Wednesday, May 26, 2010

the photo bug bit me today





I got the urge at 8 pm to want to take pictures. Its almost 3 am and i have finally feel like my cup is filled. I probably would've went to bed a while ago, but Cameron woke up with a night terror that we could NOT shake him of. We tried water on his feet, mickey mouse club house and singing. What finally broke him was me putting him in the car and going for a drive. He drank his sippy cup and was fine. Night terrors are not fun!

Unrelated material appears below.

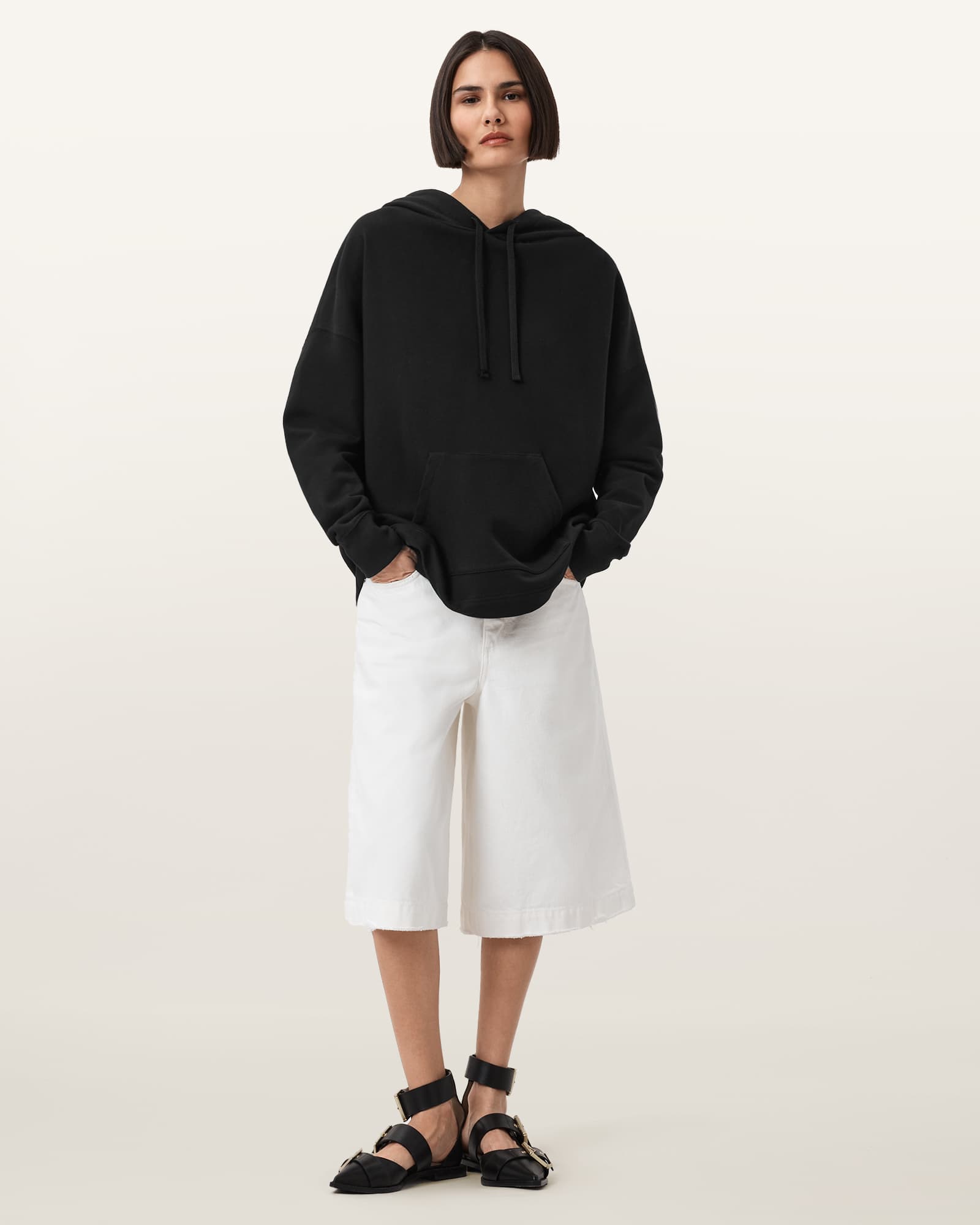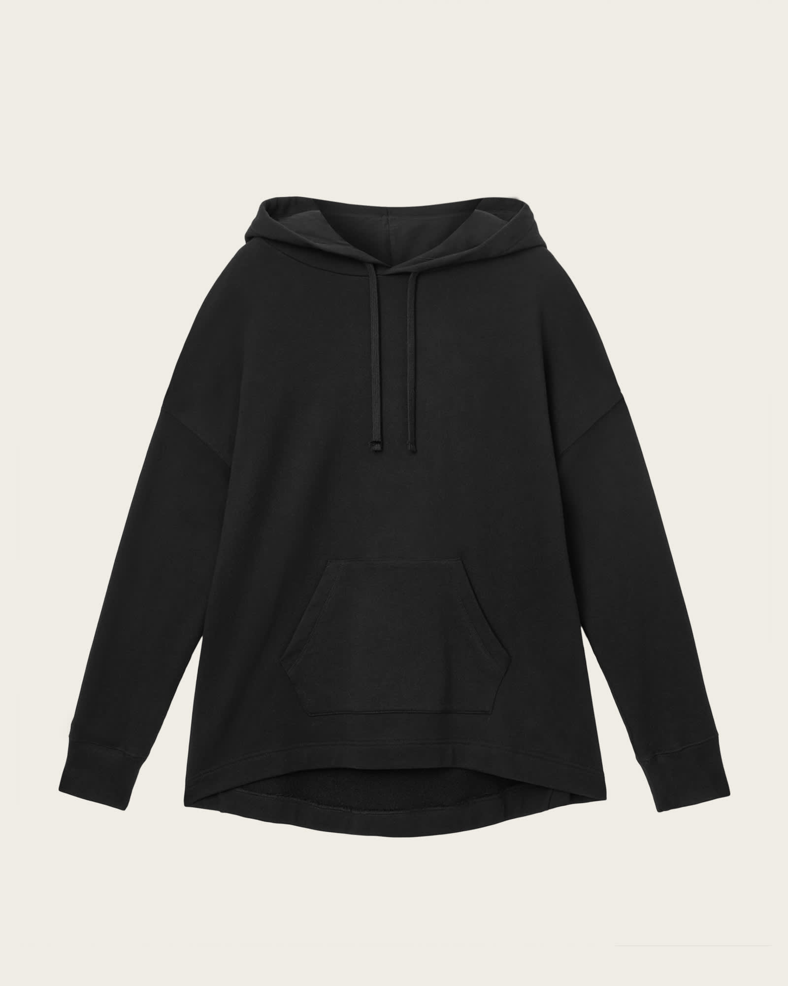 This hoodie is designed to an oversized fit Pullover Hooded Long sleeves with ribbed cuffs AllSaints branding on chest Front kangaroo pocket Scrunch graphic at back Heavyweight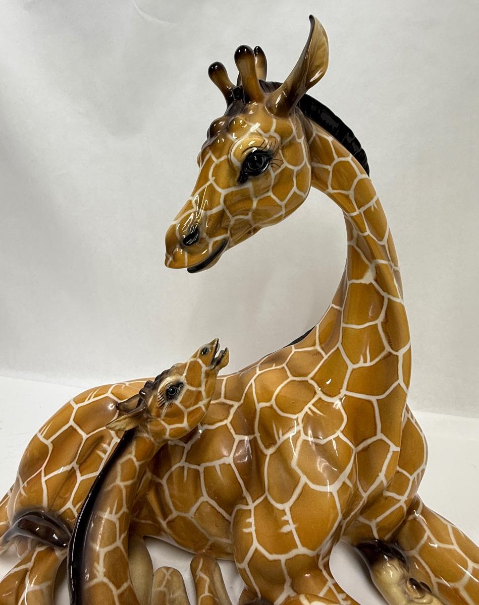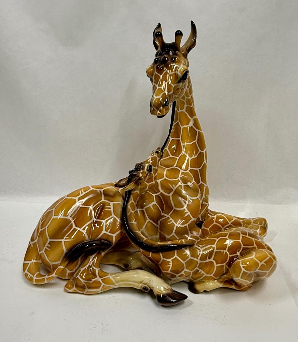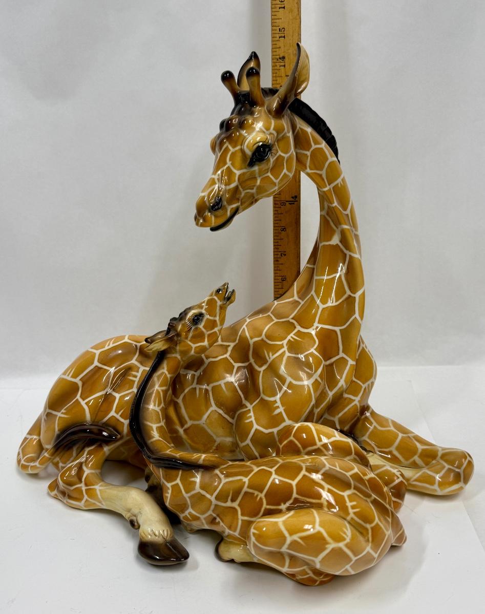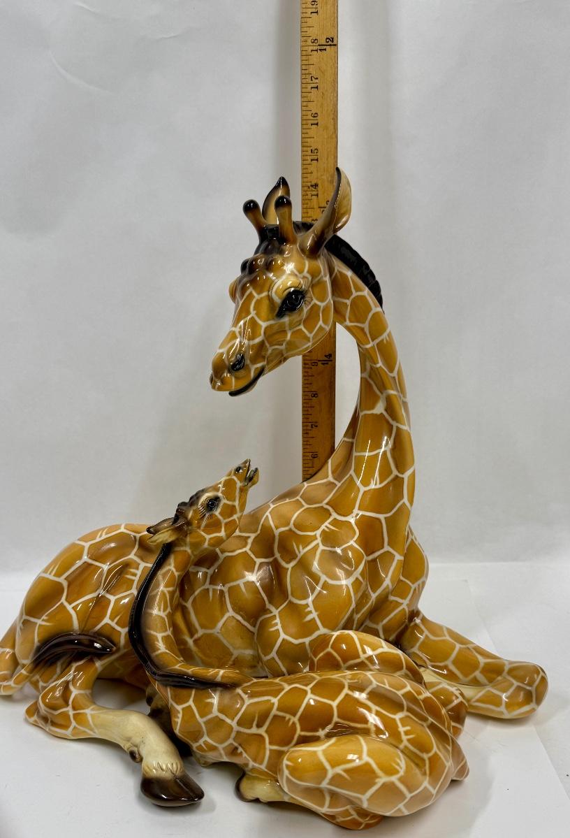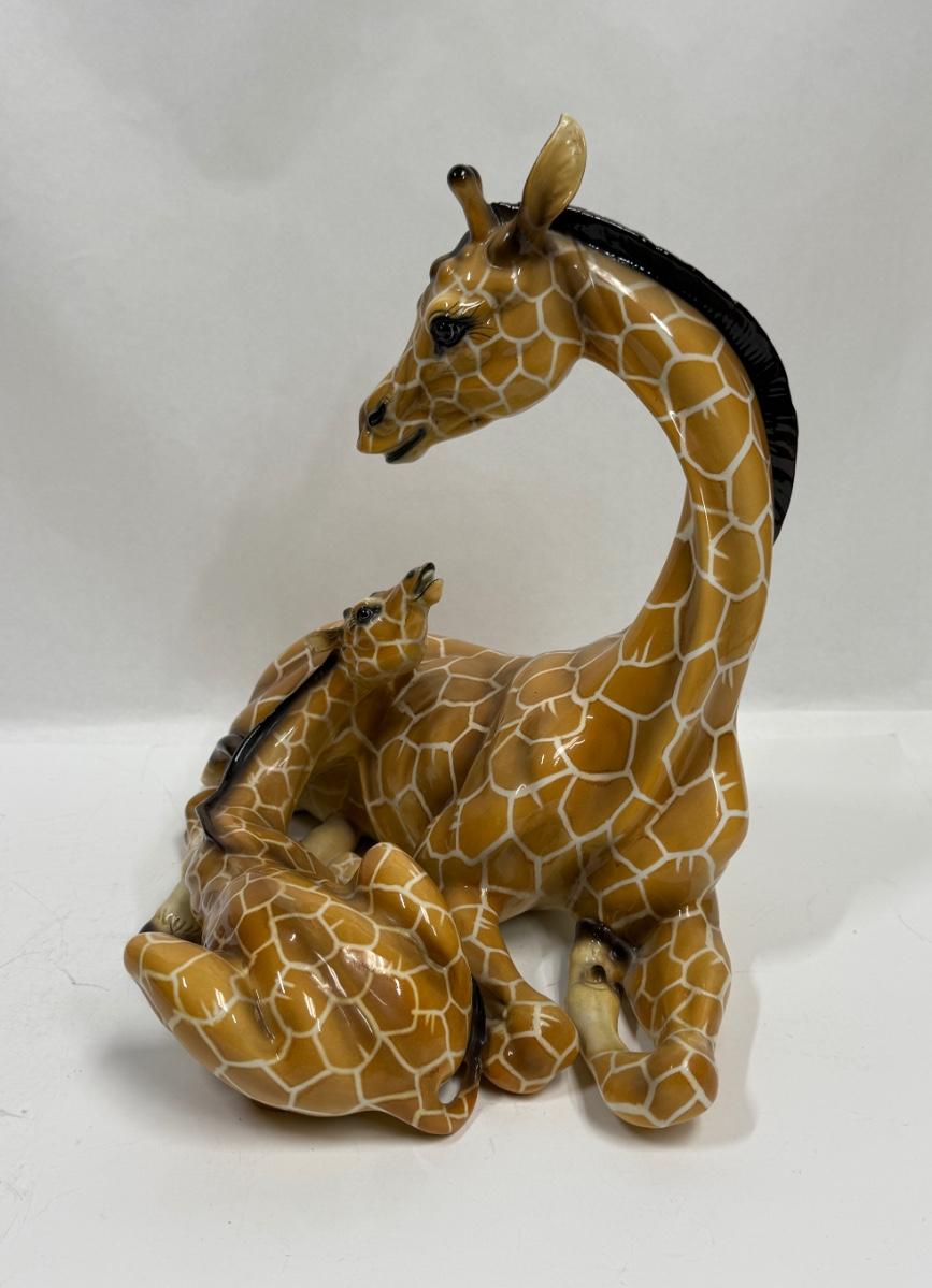 Porcelain Statue Giraffe Mom and Baby #1570 made in Italy Giovanni Ronzan approx. 15" high 17"wide

But with no further adeu... Here are my photos from this evening. ENJOY!



suprised

cutie

My boys



Fear Not
my hysterectomy consumes my mind at night

oh no!
i tend to feel this way alot lately

summer time
the hotter it gets the more freckles i see

listen

stay calm
the words i hear when i feel like im going to freak out







Monday, May 24, 2010

Thats what i get for tryin to be MacGyver

Today is not even over but it has already been pretty interesting!! This morning Keegan decided to use my bathroom to well... go to the bathroom. He only locks doors when hes doing something he isn't supposed to, or he doesn't want Cameron to come into his room and mess up his train tracks. Well I went in to check on him, and he locked the door, but he didnt shut it all the way. He had ripped the tiny amount of toilet paper that was left, off the roll, and all over the floor. Which is no biggie. I wiped his butt (hes still not 100% independent on that issue yet... i pray its soon lol), he pulled up his pants and shut the door behind him.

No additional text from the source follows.